Bu noktada da eskilere bakıyorsunuz… Oradaki adam veya kadının tipi, taklidini yaptığı bölgenin konuşma tarzıyla gayet uyumlu. Yani oyuncu konuşmasa bile, çoğu canlandırmada kimin hangi bölgenin insanı olduğunu kolayca anlayabilirsiniz.
Şimdiye geliyoruz… Bakıyoruz, böyle bir uyum özeninden eser yok. Canlandırılan yörelerdeki insan tipleri nerde, bu karakteri huzura getiren oyuncunun yansıttığı tablo nerde… Sanırsınız moda dergilerinden fırlamışlar da o bölgeye ışınlanmışlar.
Daha çok da genç kadın karakterlerde bu dengesizlik göze çarpmakta. Eskileri yine daha bir özenli davranıyor.
Misal, bir oyuncu Doğulu kızı oynarken de aynı, İstanbulluyu veya Karadenizliyi oynarken de! Yarım yamalak yapmaya çabaladığı ağız farkı dışında sunduğu tipte bir gıdım fark yok.
Hani ağzını açmasa Doğulu mu, Karadenizli mi yoksa Batılı mı mümkünü yok anlamayacağız.
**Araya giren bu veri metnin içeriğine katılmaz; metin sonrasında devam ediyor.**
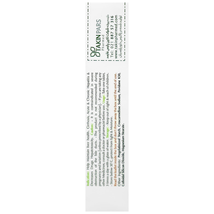 - هر قرص حاوی عصاره خشک خار مریم (معادل 140 میلی گرم سیلیمارین)

Çoğu kez ‘Keşke ağzını hiç açmasa’ dediğimiz de oluyor ya neyse…
Diyeceğim o ki, bölgelere dair yapımlarda oynayacakların da o yöre insanının görselliğiyle uyuşması lazım. Geçmişten bir örnek vermek gerekirse ben, Sabahattin Ali’nin şiirlerini okuyan Fikret Kuşkan’ı, güzel oynasa dahi, ‘Hayat Devam Ediyor’daki İsmail Bakırcı rolüyle hiç bağdaştıramamıştım.
Sonuçta; Ilgıt ılgıt Anadolu insanlarından höykür höykür ağızlar türetip ‘şive yapıyoruz’ bilmişliğiyle yalan yanlış karşımıza çıkartılan yapımlar, hem öğreti hem dinleti hem de izleti bakımından fazlasıyla rahatsız edici bilesiniz.
‘Ağız’ şartsa sevdaluğumuz, ağızları bozmayan doğrudan yana!